What the exercise asks:
Print the records below exactly, from the line containing "Em seguida selecione" down to the line containing "25轮式挖掘机 机身小巧灵活 搭载高性能发动机 动力输出稳定", both lines included, and omit every picture.

Information given:
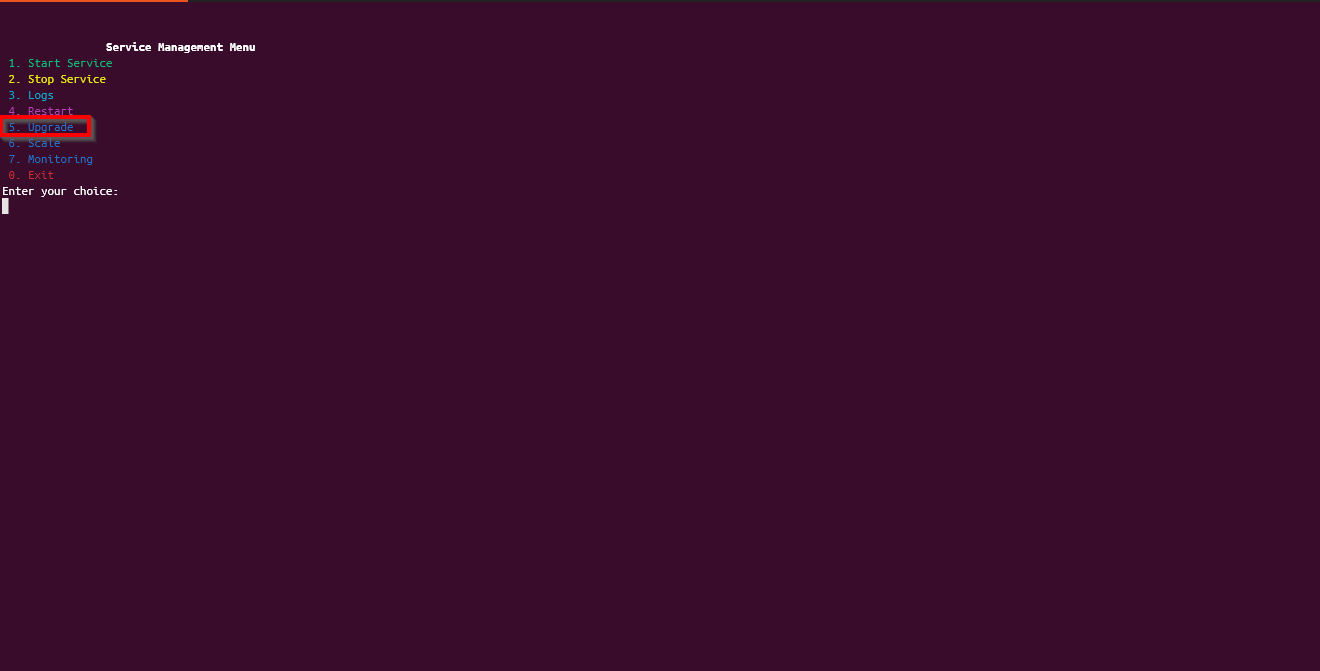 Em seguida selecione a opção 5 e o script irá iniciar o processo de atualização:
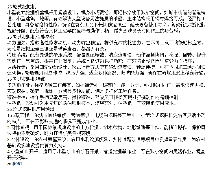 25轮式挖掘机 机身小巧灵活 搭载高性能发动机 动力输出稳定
---
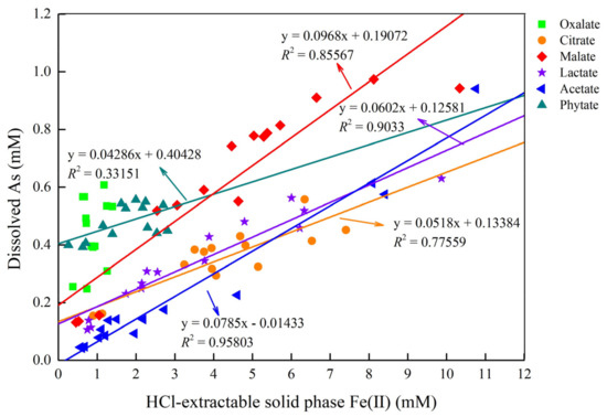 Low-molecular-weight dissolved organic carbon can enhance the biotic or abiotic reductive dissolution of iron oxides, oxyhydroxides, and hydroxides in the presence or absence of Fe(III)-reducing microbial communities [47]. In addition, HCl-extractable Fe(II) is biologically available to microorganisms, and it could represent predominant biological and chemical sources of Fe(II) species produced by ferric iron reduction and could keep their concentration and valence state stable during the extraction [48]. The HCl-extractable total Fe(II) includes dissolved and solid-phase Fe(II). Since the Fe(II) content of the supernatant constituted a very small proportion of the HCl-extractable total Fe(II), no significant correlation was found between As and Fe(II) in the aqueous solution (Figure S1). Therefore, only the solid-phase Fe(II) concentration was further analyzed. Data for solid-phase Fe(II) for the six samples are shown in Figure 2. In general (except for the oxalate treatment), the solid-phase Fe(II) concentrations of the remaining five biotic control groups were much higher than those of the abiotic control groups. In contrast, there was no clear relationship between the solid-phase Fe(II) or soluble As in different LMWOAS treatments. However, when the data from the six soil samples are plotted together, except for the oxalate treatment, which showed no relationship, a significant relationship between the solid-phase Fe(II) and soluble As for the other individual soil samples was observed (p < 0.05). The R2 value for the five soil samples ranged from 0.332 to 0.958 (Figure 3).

Expected output:
 Em seguida selecione a opção 5 e o script irá iniciar o processo de atualização:
 25轮式挖掘机 机身小巧灵活 搭载高性能发动机 动力输出稳定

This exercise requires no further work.